An A/C unit that cycles on and off rapidly can create a number of problems. The rapid cycling generally causes improper cooling in the home, increased wear to the A/C unit and will also spike an increase in energy consumption. It is important for a homeowner to quickly determine why the unit is rapidly cycling before the problem worsens.
Modern A/C units may cycle on and off more quickly than older units as a way of saving energy. If a homeowner has a newer unit, he should check its owner's manual for information on the proper operation of the unit. If the manual is missing, he should contact the manufacturer for this information. On older A/C units, one that is cycling more quickly than in the past generally indicates a problem. A/C units will also cycle off and on more quickly on very hot days.
An improperly adjusted thermostat may cause the A/C unit to cycle on and off. Check the thermostat that controls the air conditioner to make certain it is set up correctly. The air conditioner owner's manual should cover proper thermostat setup, or the thermostat may have a separate owner's manual. A home with significant drafts that allow hot air to enter the interior may cause the unit to rapidly cycle. The A/C unit should be properly sized for the home or area of the home that the A/C unit will cool. A unit that is too small will not be able to cool the home efficiently, causing it to run more frequently. A unit that is too large will cool the home too quickly, causing it to cycle on and off frequently and preventing the unit from properly dehumidifying the air in the home.

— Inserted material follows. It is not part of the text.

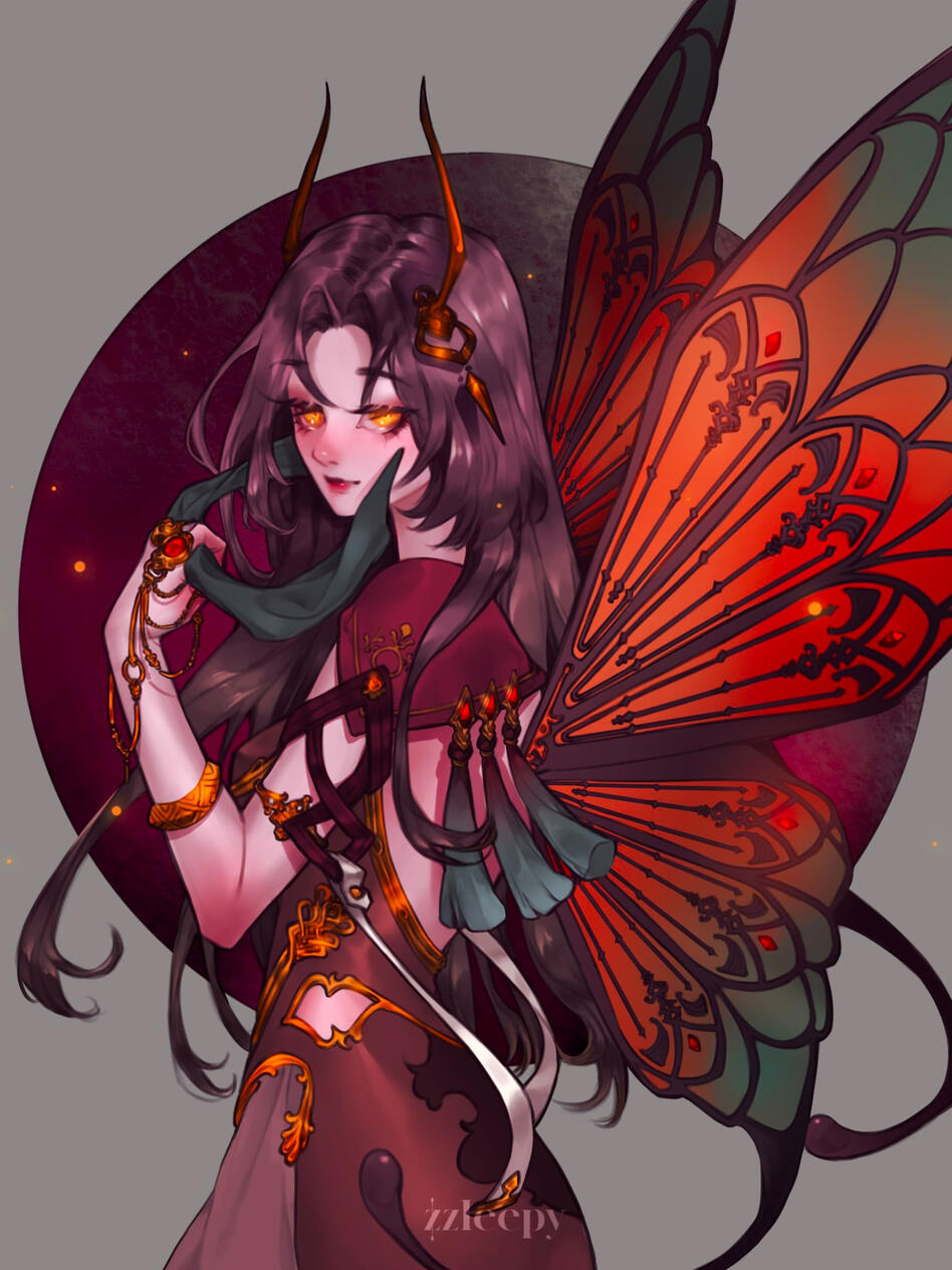 in the midst of a midsummer’s night dream, a butterfly is born into a colony of moths.— — —she pulls free the ribbon that had been tied around her eyes for years and years, that had left her blind to the world and it's creatures and herself, letting it flutter to the ground. heart thrumming in his chest as wildly as a war cry, she looks into the mirror and with a little gasp, her hands clasp themselves over her lips.the wings that had been the bane of her, that had every moth with their dull wings in the kingdom scoff at her...those wings that she had wished day and night to tear from her body—they cannot be the ones rooted to her back now, stained in whorls of paint and crafted from sea glass, undoubtedly-"beautiful," she whispers, and the word comes out as a sob.beautiful, she is beautiful.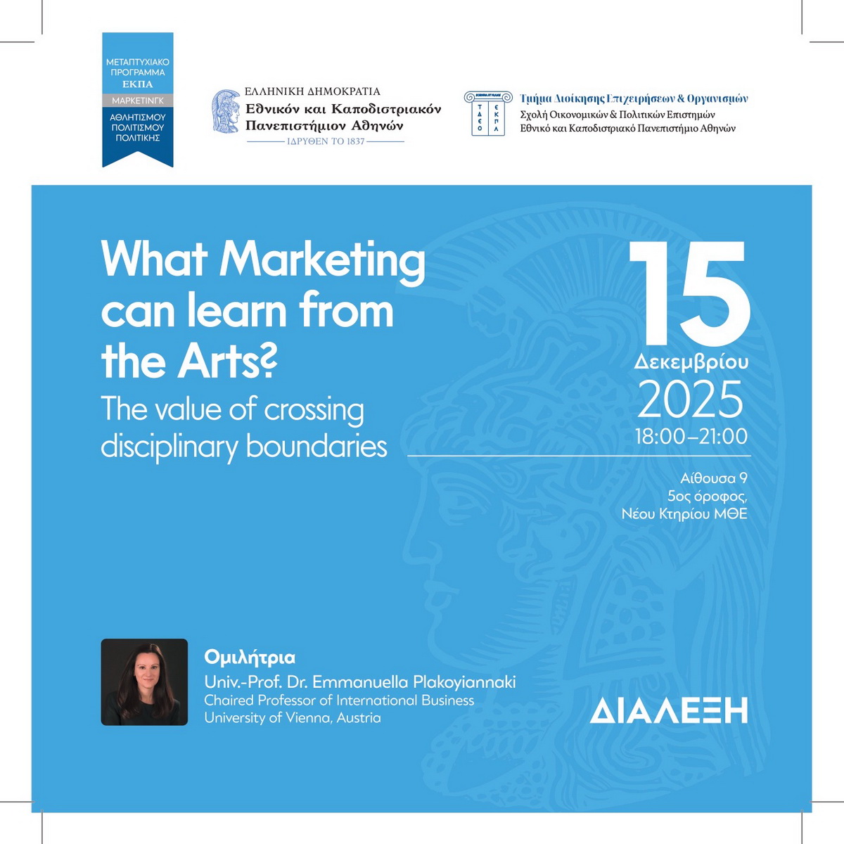 Το ΠΜΣ «Μάρκετινγκ Αθλητισμού, Πολιτισμού, Πολιτικής» του Τμήματος Διοίκησης Επιχειρήσεων & Οργανισμών του ΕΚΠΑ διοργανώνει εκδήλωση με ομιλήτρια την:

An improperly maintained A/C unit will not operate at peak efficiency. This may cause the unit to cycle off and on more quickly to make up for this inefficiency. The homeowner should make sure that the unit's filter is clean and that nothing is blocking the air return duct inside the home. The homeowner should also inspect the exterior of the A/C unit for any leaves and other debris that have built up around the unit as this can restrict air flow, causing the A/C unit to operate at a higher temperature than needed.
As an A/C unit ages, the unit can lose refrigerant, and parts on the unit can begin to fail. A low coolant level is a common cause of A/C unit cycling in older units. Though in some cases a homeowner can charge his own A/C unit, having the work completed by a certified technician is a better option in most cases. The technician will be able to check for other problems and assure that the refrigerant does not escape into the environment. Other internal components in the unit may fail and cause an A/C unit to rapidly cycle. Generally, a repair technician can quickly isolate and repair the problem.